§ COLLECTED MATERIAL:

- - - - -

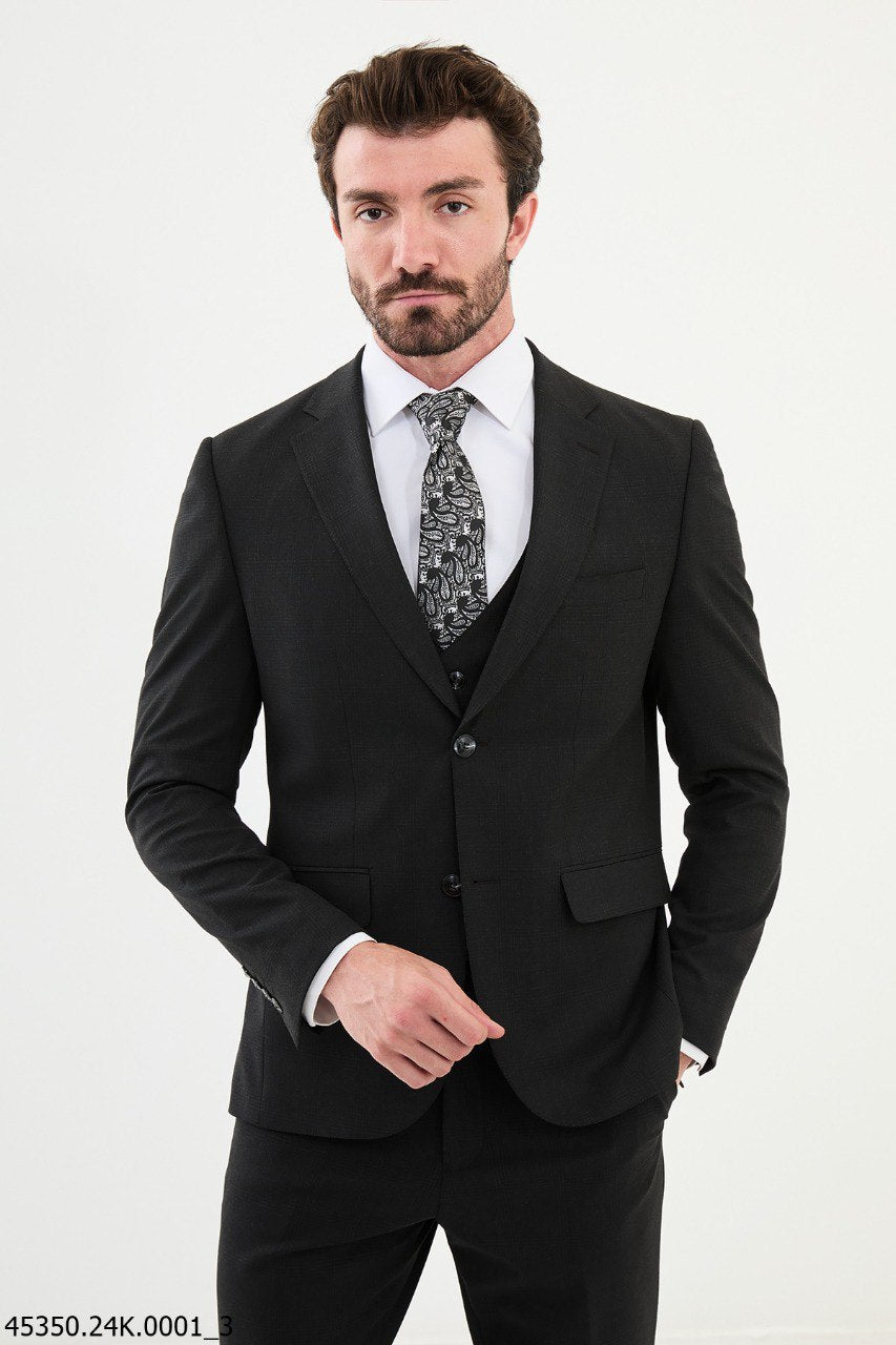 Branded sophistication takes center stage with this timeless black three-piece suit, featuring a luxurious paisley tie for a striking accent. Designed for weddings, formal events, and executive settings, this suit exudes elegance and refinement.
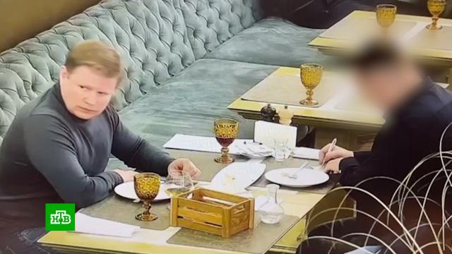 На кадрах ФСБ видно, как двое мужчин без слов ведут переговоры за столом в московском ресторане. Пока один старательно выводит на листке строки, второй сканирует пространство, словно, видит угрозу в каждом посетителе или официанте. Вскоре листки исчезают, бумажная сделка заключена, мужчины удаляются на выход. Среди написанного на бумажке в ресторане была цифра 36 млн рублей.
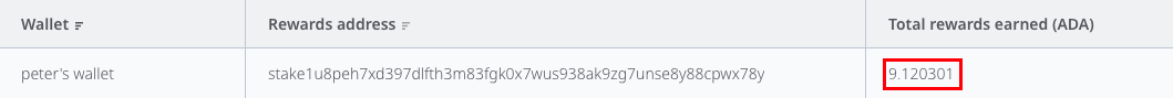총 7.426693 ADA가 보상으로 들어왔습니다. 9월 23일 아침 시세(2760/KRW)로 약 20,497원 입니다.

- - - - -

§ EXERCISE PROMPT:
Everything from the line with "На кадрах ФСБ" through the last line above should be reproduced exactly, both ends included; pictures must be omitted.

§ SOLVED PROBLEM:
 На кадрах ФСБ видно, как двое мужчин без слов ведут переговоры за столом в московском ресторане. Пока один старательно выводит на листке строки, второй сканирует пространство, словно, видит угрозу в каждом посетителе или официанте. Вскоре листки исчезают, бумажная сделка заключена, мужчины удаляются на выход. Среди написанного на бумажке в ресторане была цифра 36 млн рублей.
총 7.426693 ADA가 보상으로 들어왔습니다. 9월 23일 아침 시세(2760/KRW)로 약 20,497원 입니다.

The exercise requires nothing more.